There’s a new headache in town. If you run self-hosted Azure DevOps agent, or .NET Core project, on a Mac running Catalina (v 10.15+) and Microsoft Edge, you will have noticed a new behavior where the OS prevents the .NET assembly from working.
This is because it has been marked with a “quarantine” file attribute when it was downloaded with the browser. It’s a security measure that I’m familiar with on Windows. I would typically remove this attribute by right clicking on the file, select “Properties”, then check “Unblock”:
At this point, I suspected I had a good idea of what was happening, I just needed to figure out how to check for and remove it on a Mac. I reached out to the dev community on twitter and asked around. Thanks to Eric Lawrence who pointed me to the Chromium code change that shows it is indeed quarantining the file(s).
After reviewing how to read and remove file attributes, indeed I found a com.apple.quarantine attribute on the tarball archive file that is downloaded from Azure DevOps. Since it contains all the .NET assemblies, we can just unblock the tar.gz file and all contents will unblock as well.
Solution
Let’s go back to Azure DevOps Agent Pool page, where you download your agent package (see here if you’ve never done this before).
Now that the file is in the downloads folder, we can use the xattr
command to list the attributes. In my case, I’m checking the downloaded compressed file.

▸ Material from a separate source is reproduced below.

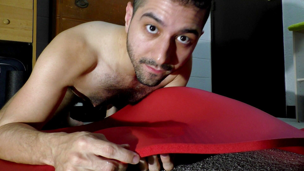 Bending over and shooting a freshly-fucked load out of my ass--and then slurping it up like the good cock-locked hole-slave I am.

xattr vsts-agent-oxs-x64-2.159.2.tar.gz
Bingo! Notice the com.apple.quarantine attribute? That’s the one causing this headache. Now we can see the attribute name, we can remove it by calling the the xattr
command again with -d attributeName fileName
parameters .
xattr -d com.apple.quarantine vsts-agent-oxs-x64-2.159.2.tar.gz
Finally list the attributes again to confirm the quarantine has been removed:
Now you can finish extracting the tarball and setting up the agent (or running your .NET core application).